Der britische Inlandsgeheimdienst MI5 führte ebenfalls eine große Studie durch. Bestandteil waren mehrere Hundert gewaltbereite Extremisten, die, von der Finanzierung bis zum Selbstmordattentat, an terroristischen Aktivitäten beteiligt waren. Das Ergebnis: Radikale sind weder verrückt, noch wurden sie einer Gehirnwäsche unterzogen. Sie sind religiös eher ungebildet. MI5 schreibt, dass sie große Wissenslücken im Islam haben und daher eher religiöse Novizen sind. Wenn sie älter als 30 Jahre sind, sind sie verheiratet und haben Kinder. Sie sind weder arm und ungebildet noch gesellschaftlich privilegiert. Meistens sind es ehemalige oder aktive durchschnittliche Kriminelle. Drogendealer oder Diebe versuchen durch fanatischen „Glauben“ ihre Sünden wettzumachen. Vergewaltiger oder Schläger zieht die dem Terrorismus innewohnende Gewalt an. Laut der Studie verbreiten und verfestigen auch die Berichterstattungen einiger Massenmedien Vorurteile gegenüber Muslimen, was dann wiederum zu Radikalisierungen führt.
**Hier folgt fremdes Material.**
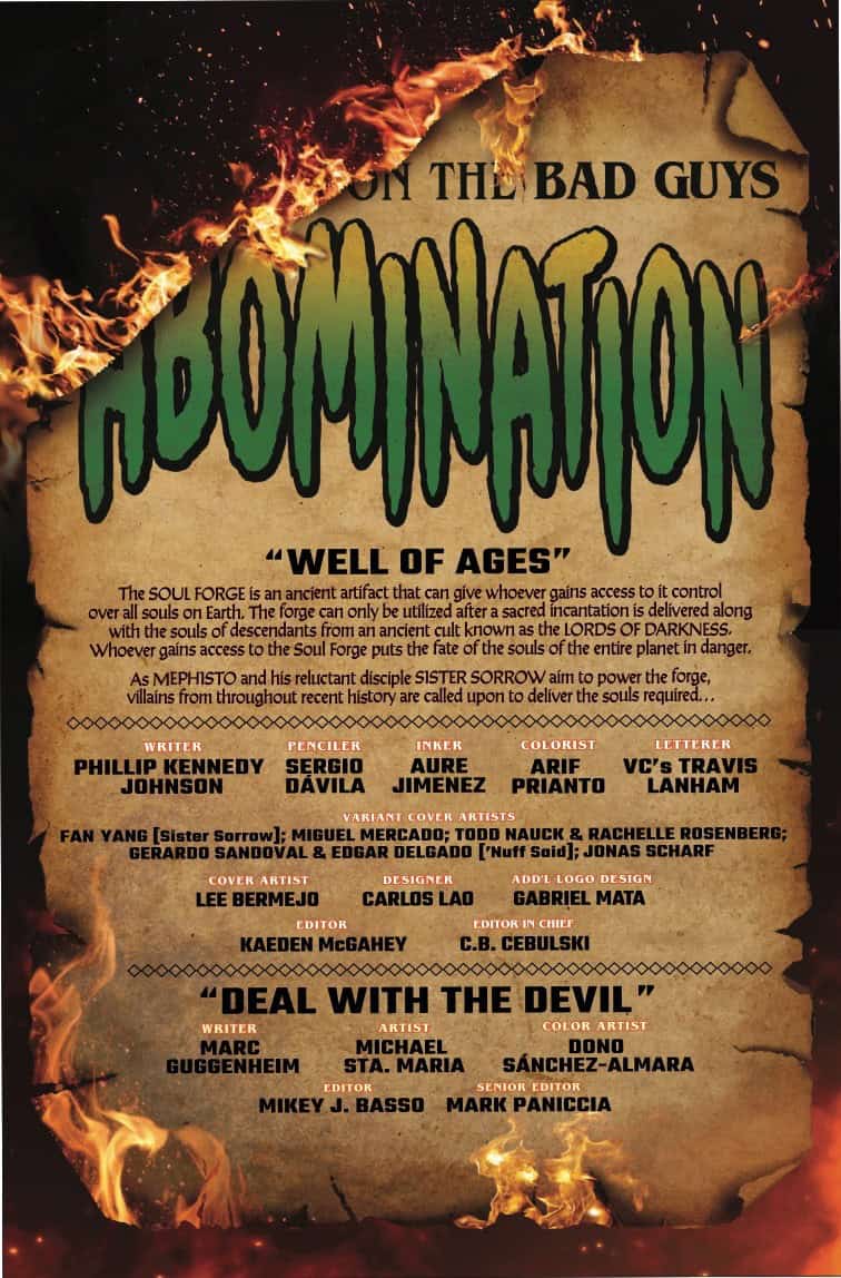 THE DEVIL MADE HIM DO IT… Emil Blonsky is never one to turn down a good deal. Whether it’s to fell the mighty GROOTSLANG in exchange for his freedom from a Wakandan prison, or to collect a soul on behalf of MEPHISTO for a mystery boon. THE ABOMINATION is always the monster for the job, and he’s going to prove it once and for all.

Aus der Studie geht ebenfalls hervor, dass das Internet ein wichtiges Hilfsmittel bei der Verbreitung der Ideologie ist, aber nicht die Hauptrolle in der Radikalisierung spielt. Diese findet letztendlich statt, wenn man Gleichgesinnte in der Umgebung hat. Es sind dann nicht die Imame oder der Moscheeverein, sondern bestimmte Rekrutierer, die zum Extremismus führen. Die Gründe sind laut dieser Untersuchung gefühlte oder tatsächliche Ungerechtigkeiten, Diskriminierungserfahrungen und die Vorstellung, dass ein „Krieg gegen den Islam“ geführt werde.
Allerdings werden solche Ursachen meist im Nachhinein konstruiert, um das eigene Handeln zu rechtfertigen. Insgesamt wird die radikale Szene durch unterschiedliche Faktoren, wie die Mitgliedschaft bei einer (selbsternannten) Elite, den Kampf für eine (angeblich) gerechte Sache, einen Popstarstatus innerhalb der radikalisierten Gruppe, Heiratsvermittlung, klare Regeln, einfache Feindbilder und paradiesische Verlockungen schmackhaft gemacht (Die Welt: Warum ein Mensch zum Terroristen wird – 26.08.2008).
Die Faktoren zur Radikalisierung von Jugendlichen sind soziologischer und psychologischer Natur. Suche nach Sinn, Anerkennung, Geborgenheit, Vertrauen, Fürsorge, Sicherheit, Liebe, Wir-Gefühl, Klarheit, Einfachheit, Reduzierung der Komplexität, Gerechtigkeit und Festigung der Identität sind entscheidende Gründe, warum sich Jugendliche radikalisieren. Vor allem der Gerechtigkeitssinn und die Identitätssuche stehen im Vordergrund.